> **WHAT IS EXPECTED**
Each of the entries below is to be written out exactly, and the images skipped.

> **Stored dataset items**
Start of Block

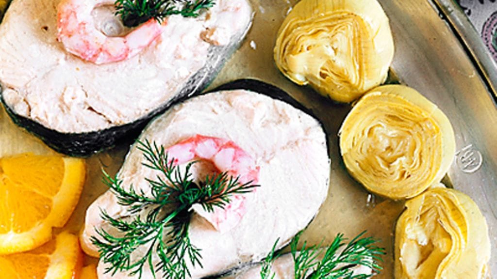 4. Nosta kyljykset liemestä ja asettele ne tarjoiluvadille kauniisti yhdessä parsan, appelsiiniviipaleiden, katkarapujen ja artisokanpohjien kanssa.
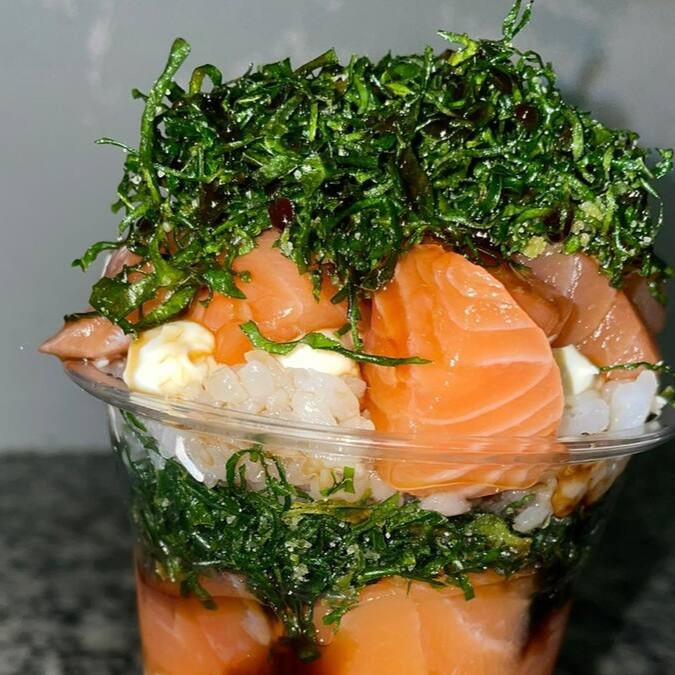 Experimente o 'Copo da Felicidade', uma novidade luxuosa do Sushi Hub. Imagine um temaki artesanalmente montado em camadas estratégicas: começa com uma base de salmão fresco, seguida por uma camada de arroz de sushi perfeitamente cozido, e uma generosa porção de cream cheese suave e cremoso. Depois, mais uma camada de salmão em cubos, fresco e saboroso, é adicionada, seguida pelo nosso irresistível crispe de couve crocante. A próxima camada é uma mistura de arroz ao cream cheese, seguida por mais salmão em cubos e uma porção adicional de crispe de couve. Para finalizar, uma dose abundante do nosso tarê infinito, adicionando um sabor doce e salgado que irá surpreender o seu paladar. Um festival de sabores e texturas em um copo!
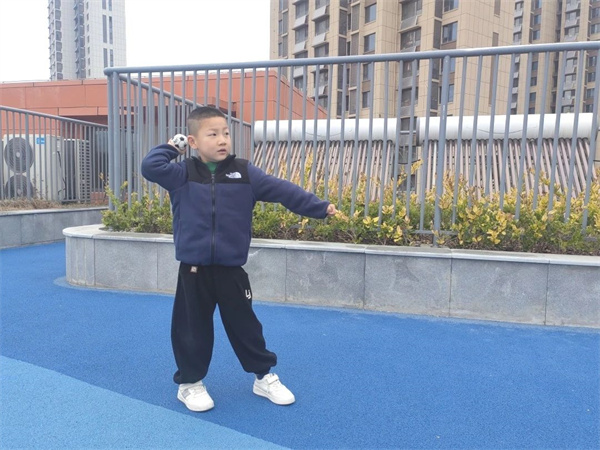“哼!大灰狼,看招!”小朋友們側(cè)身站立,將沙包舉過頭頂,然后用力扔出,投向大灰狼的家,解救小紅帽。在投擲過程中,小朋友們逐漸意識到,不僅需要手臂力量,還要有良好的空間感判斷能力。整個過程中,孩子們相互鼓勵,歡聲笑語回蕩在操場上。
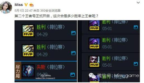 前几天,Miss大小姐终于上王者了,最近还在准备第二个号上王者。
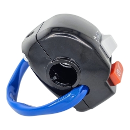 Przełącznik zawiera: korpus manetki gazu do linki zakończonej gwintem, przełącznik świateł - wyłączone - pozycyjne - mijania, oraz włącznik rozrusznika. Miejsce na lusterko - gwint M8 prawy
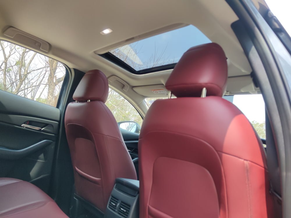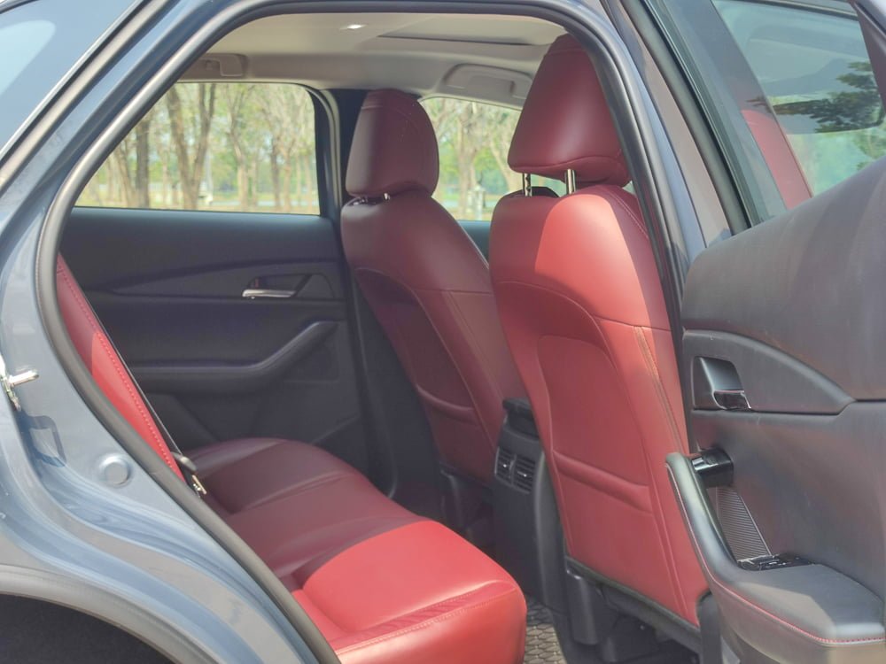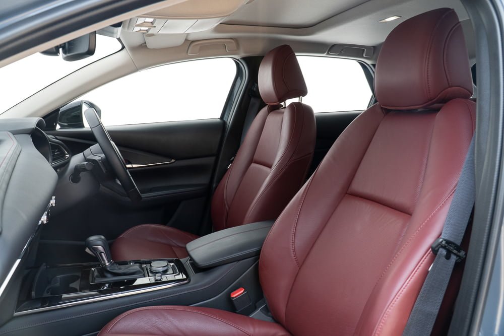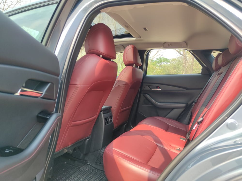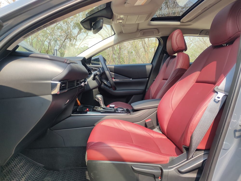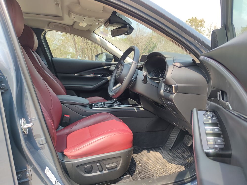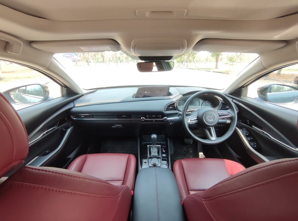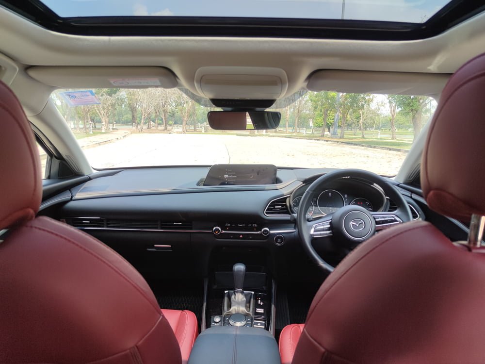 ภายในของ Mazda CX30 เรียกได้ว่า ยก มาสด้า 3 มาเกือบจะทั้งหมดก็ว่าได้แต่ให้ความรู้สึกโปร่งสบายกว่า และก็มีความแตกต่างกันในบางจุด หลักๆ โทนสีคาร์บอนเข้มดูหรูหราและดูสุขุมมากกว่าในรุ่นปกติที่เป็นสีน้ำตาล ในส่วนของเบาะจะหุ้มหนังสีแดงดบอร์กันดีเสริมความสปอร์ตและหรูหรา เสริมบรรยากาศภายห้องโดยสารให้ดูดียิ่งขึ้น โดยเบาะนั่งคนขับปรับไฟฟ้า 10 ทิศทาง พร้อมระบบบันทึกตำแหน่ง 2 ตำแหน่ง และเบาะผู้โดยสารตอนหน้าจะปรับแมนนวลแทนที่จะเป็นเบาะไฟฟ้า เราเลยเสียดายตรงนี้เหมือนกันเพราะน่าจะทำเป็นปรับไฟฟ้าทั้งหมดเลย พนักพิงศีรษะใช้วัสดุนุ่มพิเศษพิงแล้วสบายหัวดี

End of Block

> **FINAL ANSWER**
 4. Nosta kyljykset liemestä ja asettele ne tarjoiluvadille kauniisti yhdessä parsan, appelsiiniviipaleiden, katkarapujen ja artisokanpohjien kanssa.
 Experimente o 'Copo da Felicidade', uma novidade luxuosa do Sushi Hub. Imagine um temaki artesanalmente montado em camadas estratégicas: começa com uma base de salmão fresco, seguida por uma camada de arroz de sushi perfeitamente cozido, e uma generosa porção de cream cheese suave e cremoso. Depois, mais uma camada de salmão em cubos, fresco e saboroso, é adicionada, seguida pelo nosso irresistível crispe de couve crocante. A próxima camada é uma mistura de arroz ao cream cheese, seguida por mais salmão em cubos e uma porção adicional de crispe de couve. Para finalizar, uma dose abundante do nosso tarê infinito, adicionando um sabor doce e salgado que irá surpreender o seu paladar. Um festival de sabores e texturas em um copo!
“哼!大灰狼,看招!”小朋友們側(cè)身站立,將沙包舉過頭頂,然后用力扔出,投向大灰狼的家,解救小紅帽。在投擲過程中,小朋友們逐漸意識到,不僅需要手臂力量,還要有良好的空間感判斷能力。整個過程中,孩子們相互鼓勵,歡聲笑語回蕩在操場上。
 前几天,Miss大小姐终于上王者了,最近还在准备第二个号上王者。
 Przełącznik zawiera: korpus manetki gazu do linki zakończonej gwintem, przełącznik świateł - wyłączone - pozycyjne - mijania, oraz włącznik rozrusznika. Miejsce na lusterko - gwint M8 prawy
 ภายในของ Mazda CX30 เรียกได้ว่า ยก มาสด้า 3 มาเกือบจะทั้งหมดก็ว่าได้แต่ให้ความรู้สึกโปร่งสบายกว่า และก็มีความแตกต่างกันในบางจุด หลักๆ โทนสีคาร์บอนเข้มดูหรูหราและดูสุขุมมากกว่าในรุ่นปกติที่เป็นสีน้ำตาล ในส่วนของเบาะจะหุ้มหนังสีแดงดบอร์กันดีเสริมความสปอร์ตและหรูหรา เสริมบรรยากาศภายห้องโดยสารให้ดูดียิ่งขึ้น โดยเบาะนั่งคนขับปรับไฟฟ้า 10 ทิศทาง พร้อมระบบบันทึกตำแหน่ง 2 ตำแหน่ง และเบาะผู้โดยสารตอนหน้าจะปรับแมนนวลแทนที่จะเป็นเบาะไฟฟ้า เราเลยเสียดายตรงนี้เหมือนกันเพราะน่าจะทำเป็นปรับไฟฟ้าทั้งหมดเลย พนักพิงศีรษะใช้วัสดุนุ่มพิเศษพิงแล้วสบายหัวดี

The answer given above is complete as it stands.